Cycle : La Lune seule le sait  vol.


Illustration de MANCHU

MNÉMOS , coll. Icares n° (11)
Dépôt légal : mai 2007
312 pages, catégorie / prix : 19 €
ISBN : 978-2-35408-008-2   
Genre : Science-Fiction 


Autres éditions
   GALLIMARD, 2003, 2007, 2016
   MNÉMOS, 2000
   in La Trilogie de la Lune, 2011

    Quatrième de couverture    
     Printemps 1889. Un vaisseau hybride de chair et de métal fait irruption dans le ciel de Paris, stupéfiant la foule venue célébrer la clôture de l'Exposition Universelle. L'humanité entre en contact avec les extraterrestres Ishkiss et découvre une technologie qui surpasse tout ce que les esprits les plus audacieux ont pu rêver jusque-là...
     Dix ans plus tard, l'Europe s'est transformée grâce à l'alliance avec les êtres d'outre-espace. Pourtant, la révolte gronde. Les opposants sont déportés vers le nouveau bagne que Louis-Napoléon vient d'inaugurer dans les entrailles de la Lune. Quels sont les véritables buts des alliés du maître de l'Empire ? La réponse offre la clé de l'éternité. Un seul homme sur Terre est capable de l'entrevoir...

     Johan Heliot est né en 1970 ; son œuvre est marquée par l'éclectisme et l'inventivité littéraire. La lune seule le sait a été récompensé par le prix Rosny-Aîné 2001 du meilleur roman de science-fiction francophone.

    Prix obtenus    
Rosny aîné, roman, 2001
 
    Critiques des autres éditions ou de la série    
Edition MNÉMOS, Icares (2001)


     Uchronie, steampunk, science-fiction, roman historique, roman d'aventures, humour, polar, récit politique... La Lune seule le sait est un parfait exemple de ce mélange des genres qui a certes toujours existé mais qui a particulièrement le vent en poupe depuis quelques années.
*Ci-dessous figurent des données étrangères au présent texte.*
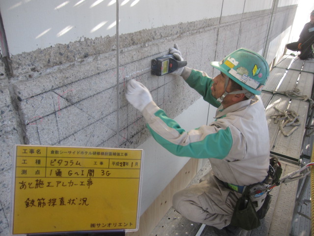 ▼これはアンカー穿孔作業の前に既存躯体の鉄筋探査を行っている状況です。

     L'aspect uchronique est classique, avec un point de divergence en 1870 : Louis Napoléon est vainqueur. Mais c'est en 1889, date de l'arrivée sur Terre d'extraterrestres nommés Ishkiss, qu'un véritable bouleversement survient. En échange de réparations effectuées par les ateliers Eiffel sur leurs vaisseaux interstellaires – qui d'animal devient partiellement mécanique – les ET livrent à la France de Louis Napoléon un savoir qui permet à ce dernier d'exercer un pouvoir absolu...

     En situant l'intrigue dix ans plus tard, à l'approche du XXème siècle, Johan Heliot nous donne un roman steampunk français dont les acteurs sont, comme il le souligne lui-même, paradoxalement moins connus par le lecteur de SF que leurs pairs de l'Angleterre victorienne.
     Heliot exploite l'imagerie attrayante et ludique du steampunk, faite de « macromachines », bien éloignées de la nanotechnologie, et de costumes garantis d'époque. Car le steampunk joue sans cesse avec les clichés du XIXème siècle tel qu'on l'imagine – tel qu'il a été popularisé par les feuilletonistes puis le cinéma –, peut-être plus qu'avec ce siècle tel qu'il a été.
     Ainsi, lorsqu'on découvre Paris, on a droit à ces images d'Epinal particulièrement plaisantes parce que quelques mots suffisent à évoquer toute une atmosphère  : « C'étaient de jeunes gars des faubourgs avec leur belles petites gueules de gouapes, leurs fines moustaches cirées et leurs rouflaquettes [...] » (p.34). Mais quelques lignes plus loin, un menaçant robot insectoïde fait irruption dans ce décor familier, afin de faire régner la loi du tyran.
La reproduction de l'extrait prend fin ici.